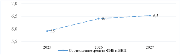 Рис. 7. Соотношение средств ФНБ и ВВП за 2025-2027 гг., %
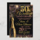 A stylish 50th Wedding Anniversary Party Invitation featuring a bottle of bubbly in gold, fireworks with gold and pink text all on a black background .A gorgeous invitation to send to family and friends to celebrate the special event. All text can be amended as needed - more text can be added on the back or delete the text box if need needed.
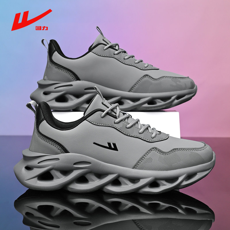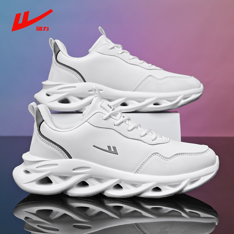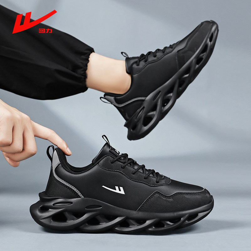 回力正品运动男鞋秋冬皮面帕拉鞋男款防水超轻跑步减震纯黑老爹鞋
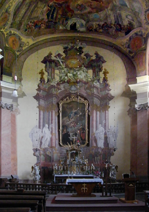 fresky z období kolem roku 1770. Nad hlavním oltářem je freska
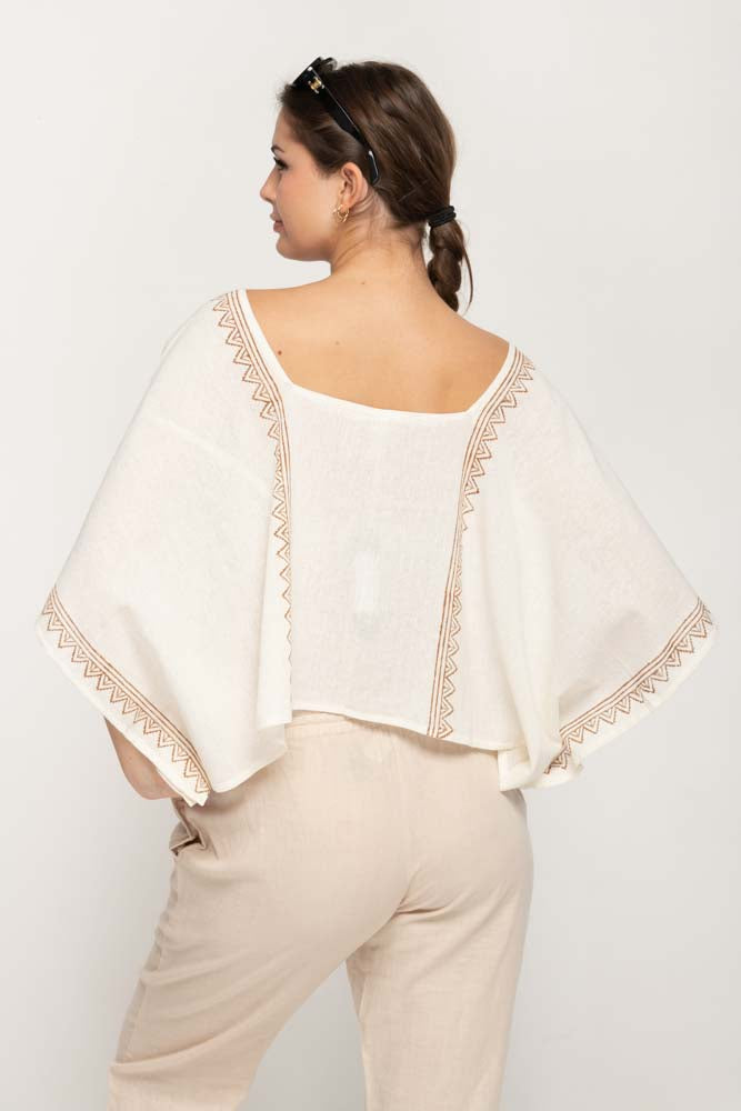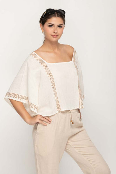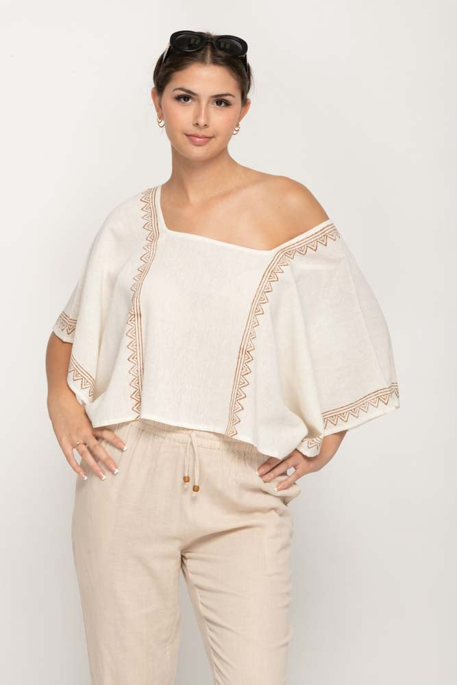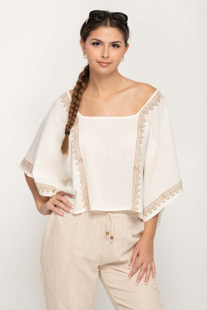 Women's Oversize Top in Cream With Square Neck, Baggy Style , with decorative prints along front back and cuffs.
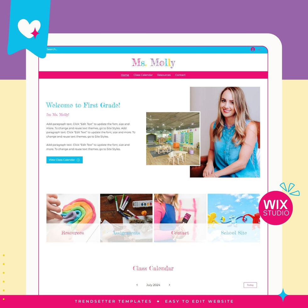 Transform your classroom's digital presence with the Ms Molly Wix Template – where organization meets inspiration!
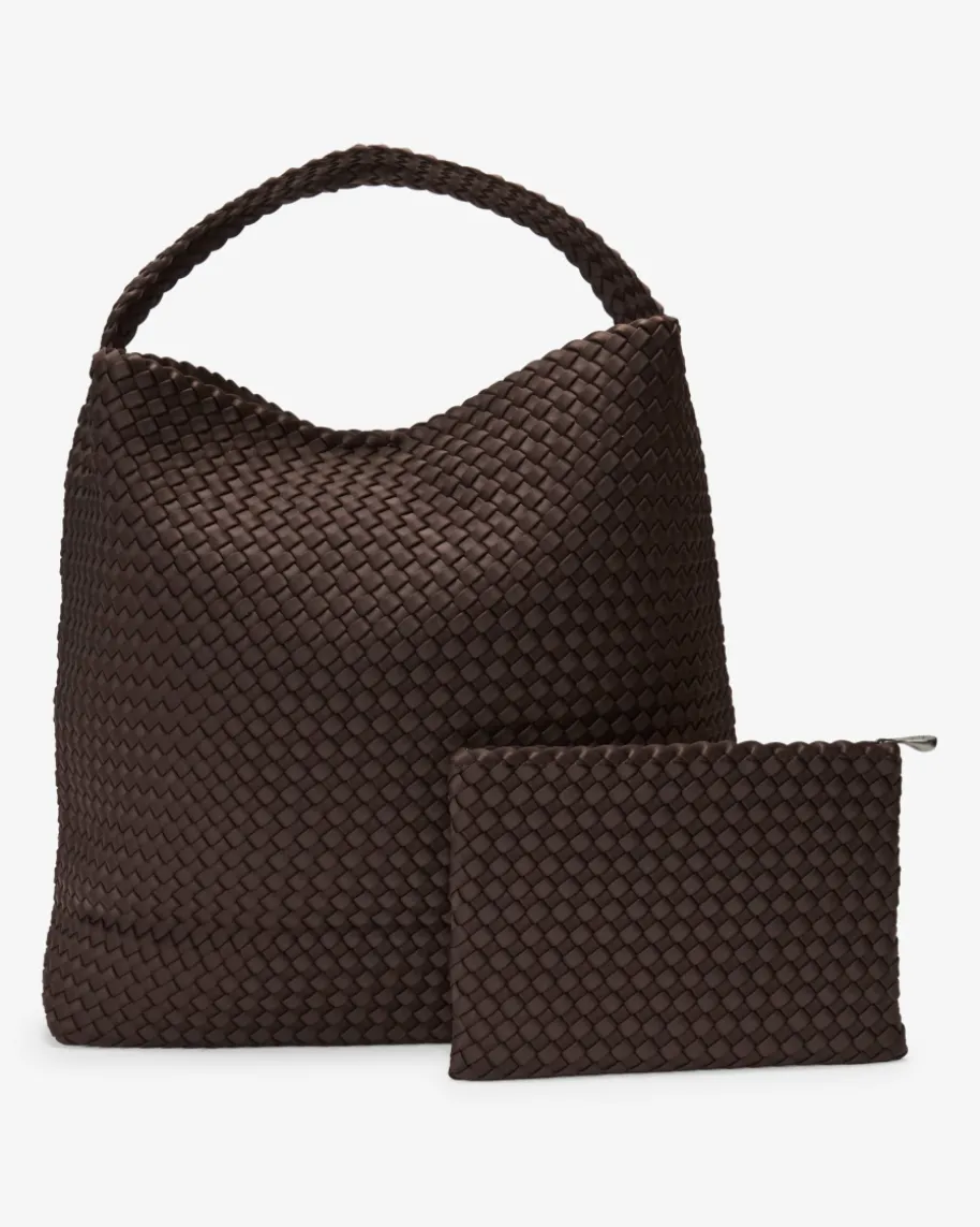 Nomad Large Hobo Henkeltasche für Damen von Naghedi in Schoko. Dieses textileModell präsentiert sich in dezent changierender Optik und edler Flecht-Aufmachung, während das XL-Design extraviel Stauraum schafft. Die separateClutch ist mit einem Reißverschluss versehen und bietet Platz für IhreKosmetikartikel oder andere Kleinigkeiten.
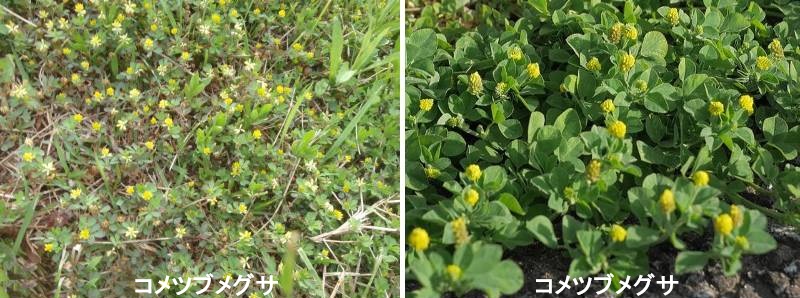 コメツブツメクサ(米粒詰草)は、日当たりのよい乾燥した場所を好む1年草です。草丈は10センチメートルから30センチメートルほどですが、株元から盛んに枝分かれをします。また、多数の株がびっしりと密集するように生える傾向があり、その姿はまるでマットを広げたかのように見えます。春から夏にかけて、黄色い花を次々と咲かせます。花は5個から20個ずつ丸く集まってつき、直径1センチメートル程度の「黄色い花の球」となります。これがまるで米粒のように見えることが名前の由来となっています。そのほか、コゴメツメクサ、キバナツメクサなどの別名もあります。コメツブツメクサの花は、咲き終わると「干からびた残骸」のようになって、いつまで経っても結実しないように見えます。じつはこの仲間の果実には、枯れた花びらに包まれながら成熟していくという特徴があります。そのため、花びらの残骸部分をそっとめくってみると、ちゃんと中に小さな果実が育っているのを確認できます。果実は成熟すると割れて、中から小さなタネがこぼれ落ちます。小さな草ですが、まるでマットを広げたかのようにびっしりと広がる傾向があります。そのため同じような環境を好む在来植物の生育場所を奪ってしまう可能性があります。
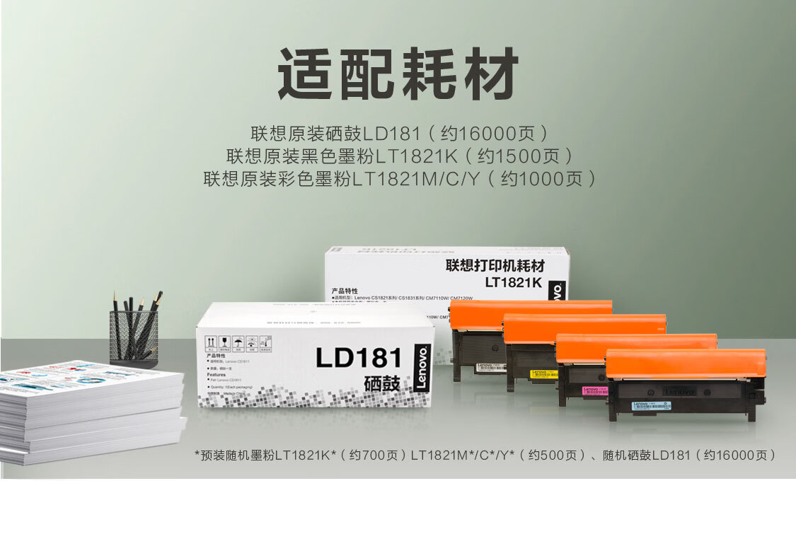 电脑、办公  > 办公设备  > 激光打印机  >  联想/ThinkBook  >  联想(Lenovo)至像CS1821W 彩色激光打印机 办公家用学习 无线+有线网络打印 CS1821W/台
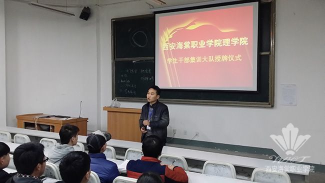 会上,由集训大队队长赵刚、参谋长王霄为学生干部集训大队的中队长和小队长授予理学院干部集训大队胸牌。随后理学院副院长、干部集训大队大队长赵刚将干部集训大队的宗旨、发展目标及学生在组织中成长过程向全体学生干部集训大队队员做了介绍。
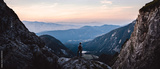 Breathtaking Views From Mangart Peak at Stunning Sunset. Peaks Above Clouds.
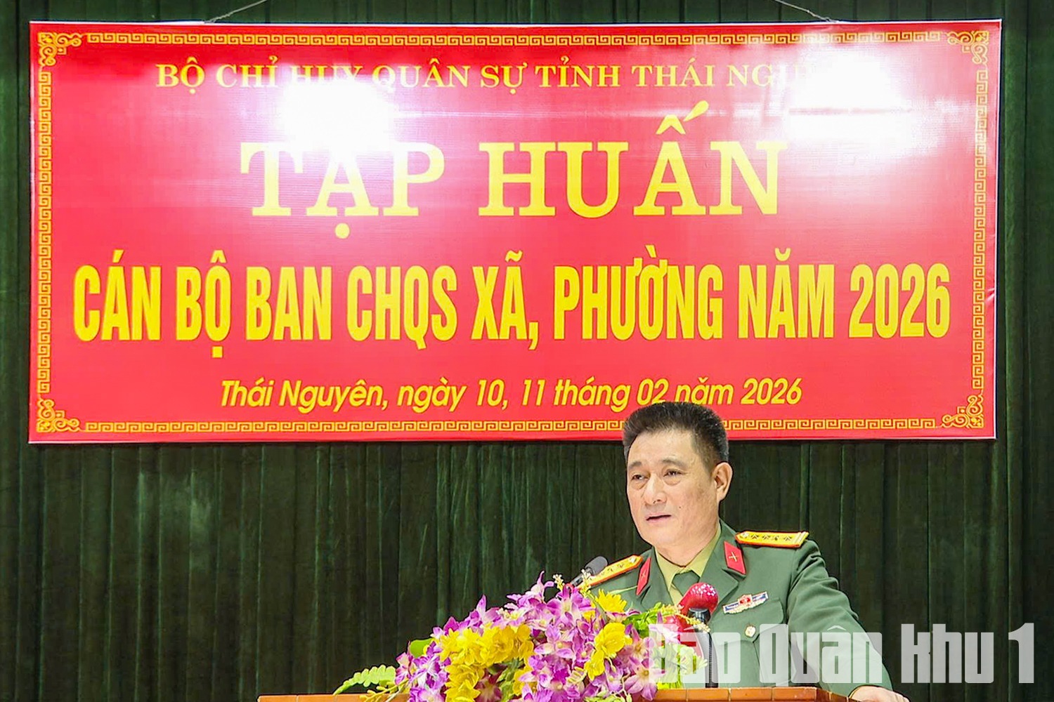 Ngày 10-2, Bộ CHQS tỉnh Thái Nguyên tổ chức khai mạc lớp tập huấn cán bộ Ban CHQS xã, phường năm 2026. Đại tá Ngô Tuấn Anh, Chỉ huy trưởng Bộ CHQS tỉnh Thái Nguyên dự và phát biểu chỉ đạo.
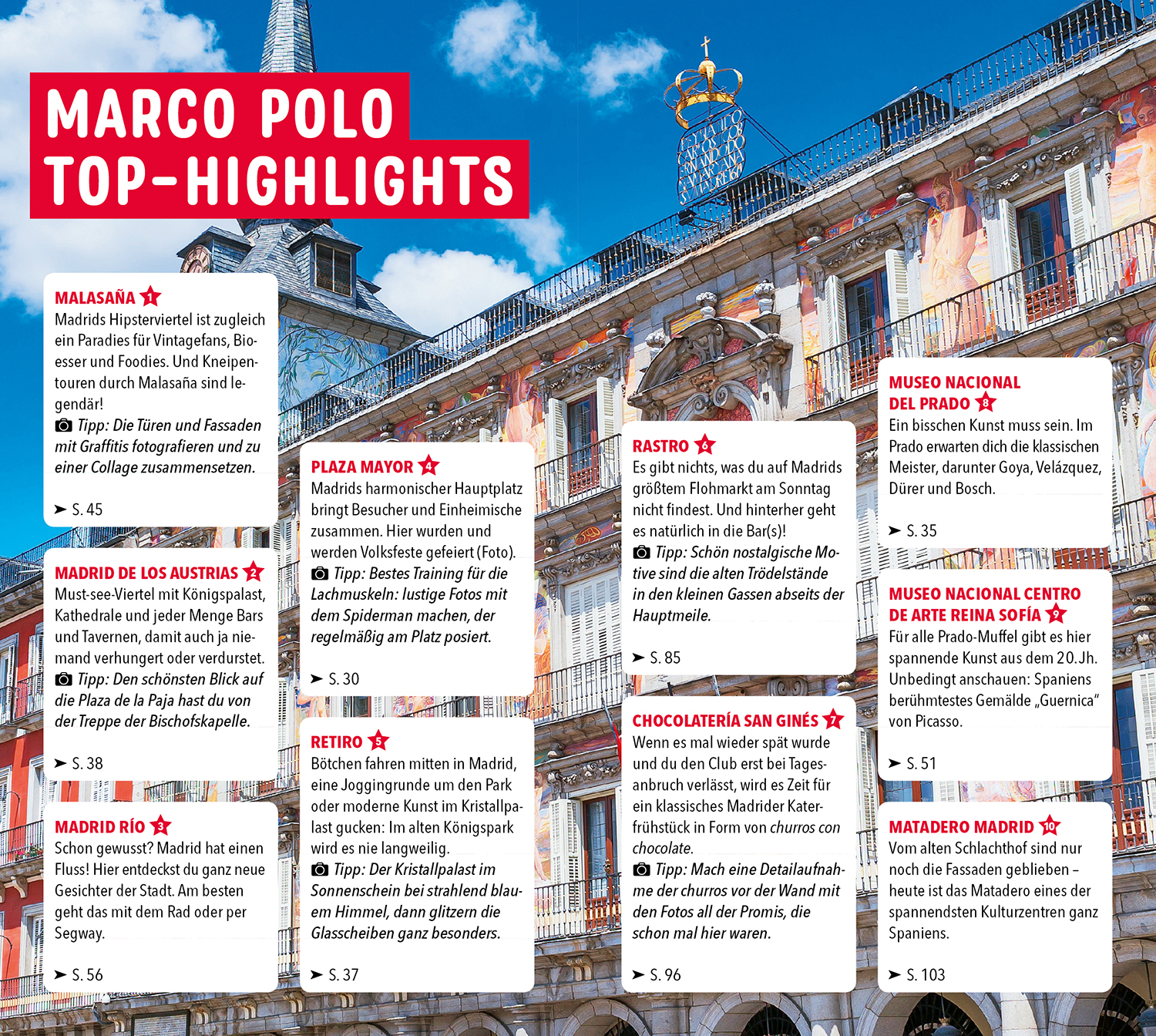 Von Prado bis Plaza Mayor: Mit dem MARCO POLO Reiseführer durch Madrid Bestaune Kunstwerke von Goya bis Picasso, schlürfe Cocktails auf dem Dach der Markthalle oder frühstücke die berühmten frittierten Teigkringel mit Schokolade: Mit dem MARCO POLO Reiseführer Madrid erlebst du die spanische Hauptstadt mit Haut und Haar!

▶ **Task**
Only one stretch of the data is wanted: write out exactly the lines from the one holding "Transform your classroom's" through the one holding "Nomad Large Hobo", both included, without the pictures.

▶ **Exercise answer**
 Transform your classroom's digital presence with the Ms Molly Wix Template – where organization meets inspiration!
 Nomad Large Hobo Henkeltasche für Damen von Naghedi in Schoko. Dieses textileModell präsentiert sich in dezent changierender Optik und edler Flecht-Aufmachung, während das XL-Design extraviel Stauraum schafft. Die separateClutch ist mit einem Reißverschluss versehen und bietet Platz für IhreKosmetikartikel oder andere Kleinigkeiten.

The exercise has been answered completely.